# Exercise objective
In the material below, the lines between the one holding "Sylvanian Families Dockhus" and the one holding "21 Summary Wes", inclusive, are to be set down word for word. Pictures stay out.

# Information supplied
+-------+
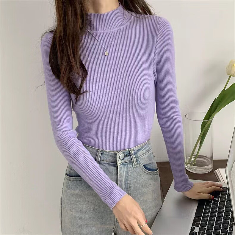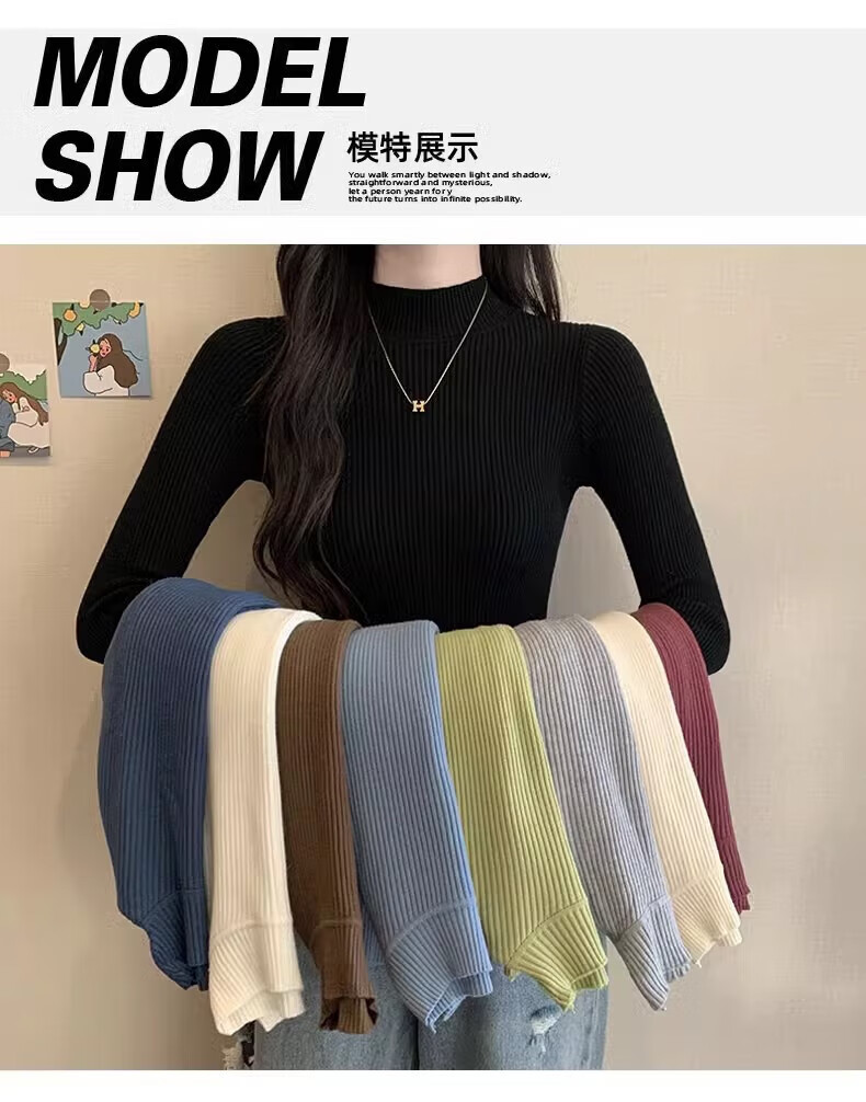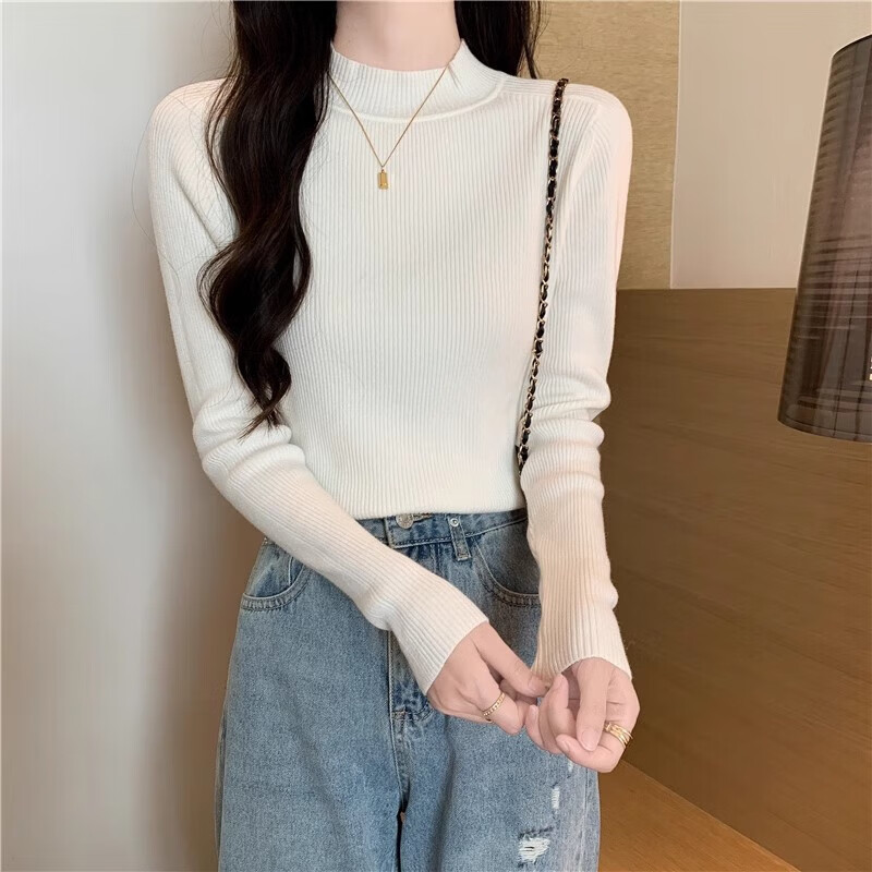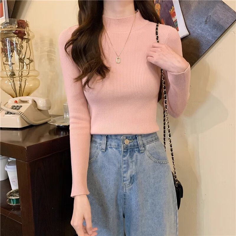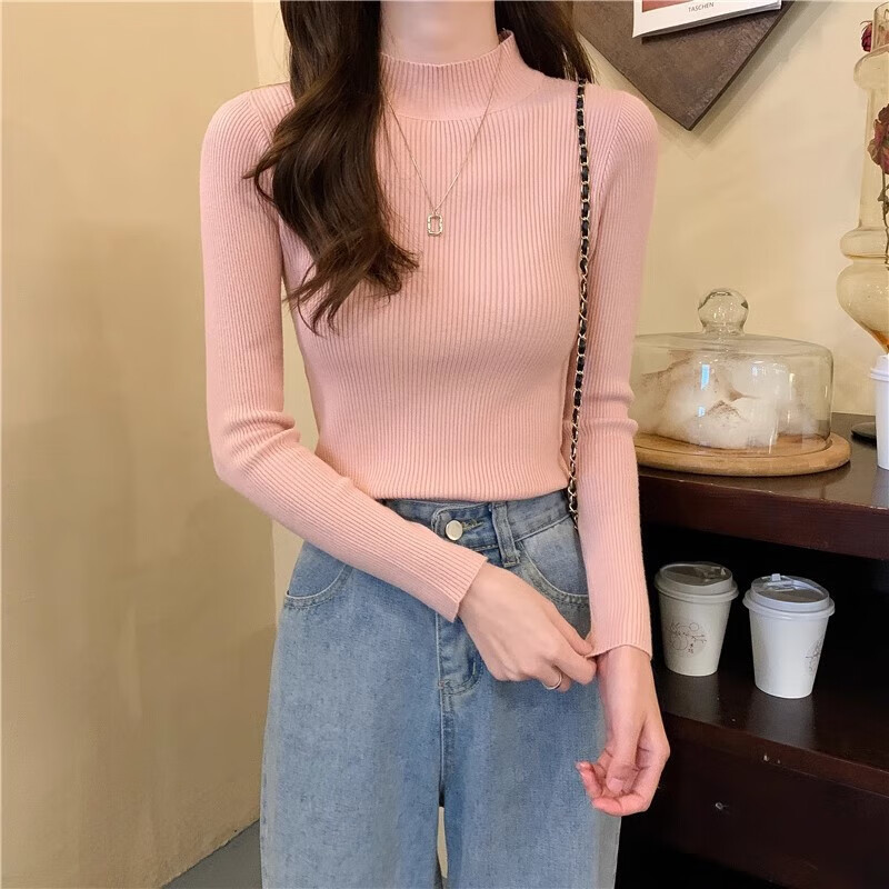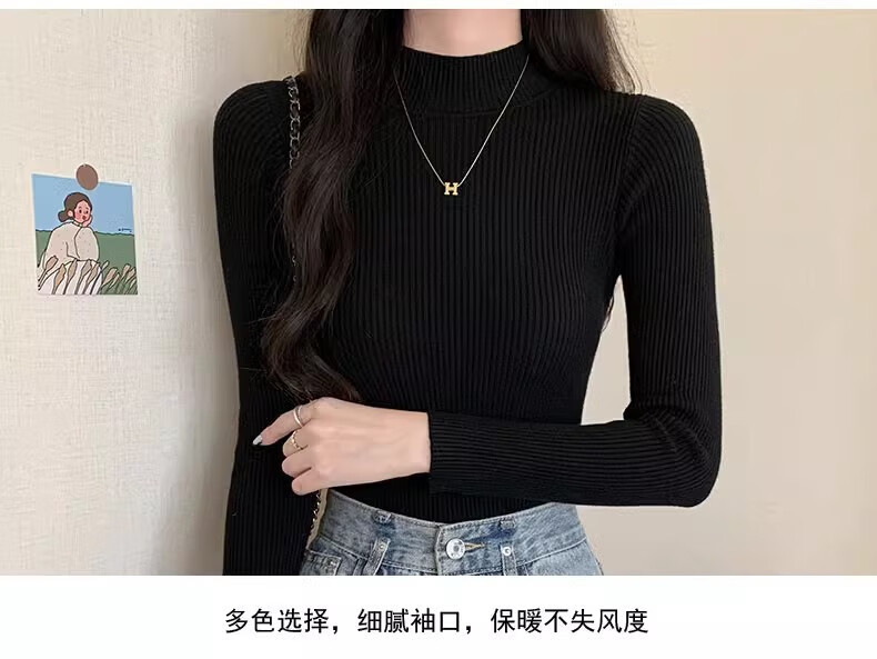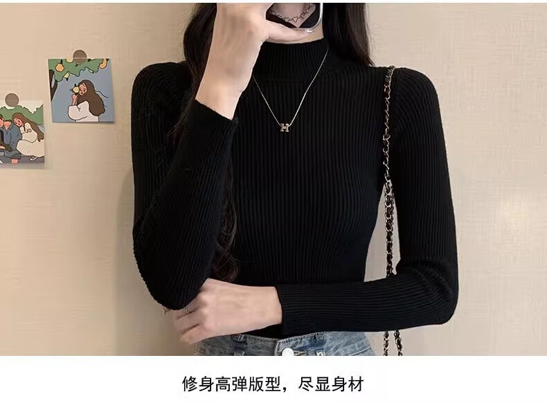 有只绵纯色半高领长袖毛衣女内搭打底衫春秋冬韩版百搭修身针织衫女上衣 半高领黑色 均码 【适合80-140斤】
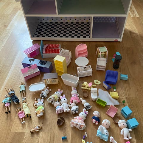 Sylvanian Families Dockhus leksakshus i plast med två våningar och möbler samt figurer.
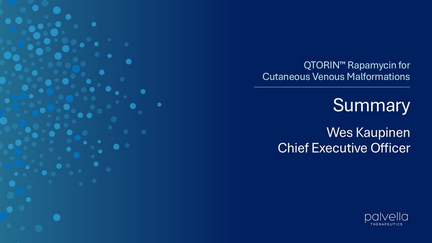21 Summary Wes Kaupinen Chief Executive Officer QTORIN Rapamycin for Cutaneous Venous Malformations
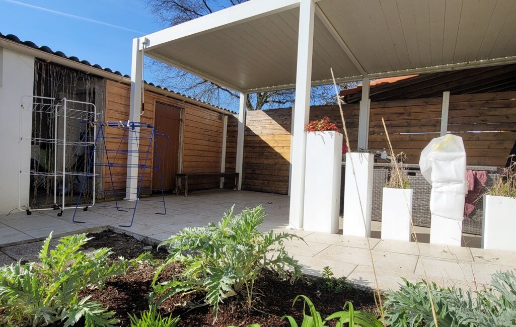 La maison se compose de 2 chambres, séjour, bureau, cuisine et SDE avec WC, le tout de plain-pied . À l'extérieur, une belle terrasse et dépendance de 15 m2 s'ouvrent sur un jardin clos et arboré. Parcelle de 612 M2. Façade bardage bois.
+-------+
# Expected answer
 Sylvanian Families Dockhus leksakshus i plast med två våningar och möbler samt figurer.
21 Summary Wes Kaupinen Chief Executive Officer QTORIN Rapamycin for Cutaneous Venous Malformations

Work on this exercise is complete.